Mar 30-Apr 1, 2017
In the morning we dinked around Water Cay and checked out some of the beaches. Little Water Cay smelled like decomp, where something big had died on it many days ago. In Moxey’s Harbor (a potential hurricane hole in this exposed area of the Bahamas??) we saw a turtle in the overgrowth. We found a Honeycomb Pufferfish skeleton that was intriguing. So, we brought it back and are trying to figure out a name for our new boat mascot. Pretty soon we will be talking to it and blaming odors on it. It already talks back and swears like a sailor, in a South Park, Cartman-esque voice. Yes, we must make our own entertainment.
The beach combing produced sponges and welks that were awash, and interesting and different terrain.
Water Cay has stunning sand dunes with cuts washing through them.
Around 1:30PM we decided to head towards Flamingo Cay. This should give us enough time to maneuver through all of the coral heads in the area and still get anchored by sunset. We are now in unsurveyed and uncharted waters (Our Garmin charts show “reduced detail in this area.”) Steering by sight and being able to read the water color changes for depth and hull crunching coral heads or rocks is extremely important.
The sail took us about 3.5 hours. We had one close call while passing an oncoming sailboat through a narrow cut through the coral. Angie freaked a bit, being at the bow on look out. The boat was heading right at us. She kept looking back at Mark who was at the helm, said a few things, resaid a few things, gestured a few times, regestured a few times, and at the last minute, we passed port to port with 10 feet between us. Angie was ready for a sunset cocktail after it was all said and done.
Flamingo Cay had one boat already anchored in the middle of the cove and a couple of local fishing boats hanging further back. We motored around, looking for a spot that would satisfy both Mark and Angie for staying put for a few days. Mark prefers close to shore to keep out of the current, surge, tidal changes, and ocean swells, for comfort. Angie prefers anchoring further out, to stay away from the rocks, coral, and other boats, for safety. If we end up swinging around, she can sleep better at night, not worrying, unless, of course, there is too much surge! We seem to have this clash of opinions quite often. Someday we will find a mutual compromise!
We ended up further out. Again, around 5 pm, the sharks showed up, feeding off the carcasses the fishing boats were tossing in the water.

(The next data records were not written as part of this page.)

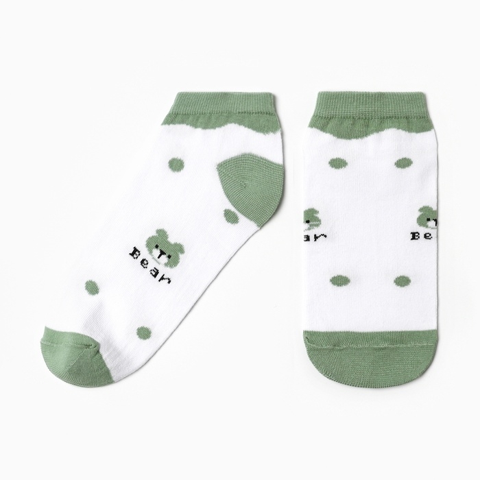 Носки женские укороченные "Медвежата", цвет белый/оливковый, р-р 23-25
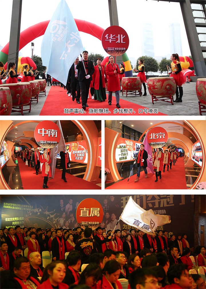 早上七点整,伴随着振奋人心的战鼓声,来自集团九大区的瑞源将士高举旗帜,雄赳赳、气昂昂地踏入会场。
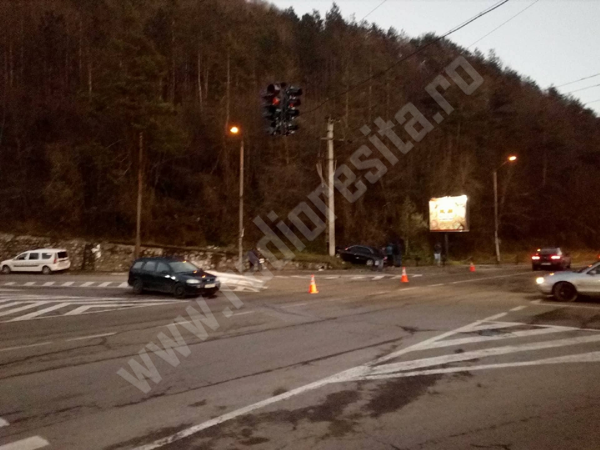 Totul a început în jurul orei 16.30, în intersecția semaforizată din zona centrală a orașului, dintre strada Ioan Corvin cu DN 58, mai exact la intersecția de la Trezorerie. Un bărbat de 47 de ani, aflat la volanului unui autoturism Opel, nu a acordat prioritate de trecere unui Mercedes condus de un tânăr de 26 de ani. Acesta din urmă, conducea pe un drum cu prioritate, iar în condițiile în care semaforul nu funcționa, avea dreptul să-și continue călătoria. Impactul a fost violent, iar Mercedes-ul a fost proiectat într-un stâlp de pe marginea drumului. În urma coliziunii, două femei, pasagere în Opel, au avut nevoie de îngrijiri medicale.

Flamingo Cay is Beautiful and has much to offer. The maps show 2 palm trees on shore. However, the last hurricane probably made them now look like one chopstick jutting from the beach. We saw and heard Osprey in the trees around the anchorage.
There are good shelling beaches, a cool “pink” interior pond with flocks of birds. Mark enjoyed fishing (he caught a mutton snapper and a garbage bag) and snorkeling around the cove. Mark plucked 3 conch off the anchorage bottom, so conch fritters are back on the menu.

We hiked to the Atlantic side and found a beautiful crescent beach with a small airplane wreck, a carved rustic “tiki” head, and interior ponds full of baby lobsters. There are supposed to be interior caves and ruins to explore, but we never found them. However, we did dink into a water cave at low tide. The colors inside were beautiful!




We took the dink to islands just NW of Flamingo. We found small sand dollars and sea biscuits on shore, then anchored the dink out and snorkeled a few coral heads. The elkhorn coral field was covered in sand and dead. However, we had some good fish sightings – a school of 6 large barracuda, large parrotfish, schools of surgeon fish, blue chromis, a few Nassau groupers, large yellow snappers, a sting ray, and finally, a black tip reef shark that did a few drive-bys. It was time to get back in the dinghy once its curiosity didn’t subside. Angie is trying this new way of entering the dink – by doing a reverse backflip over the side. Needs a bit of work, but fun to do.
We did end up swinging around in the anchorage with wind changes, and one of us was glad we anchored further out. However, the anchorage was roley poley and Mark didn’t sleep. The boat was moving quite a bit.
We saw our first Green Flash (more like a dot) for this sailing season!
We have sailed/motored over 2000 nautical miles so far this year, averaging 7 knots. Life is Good!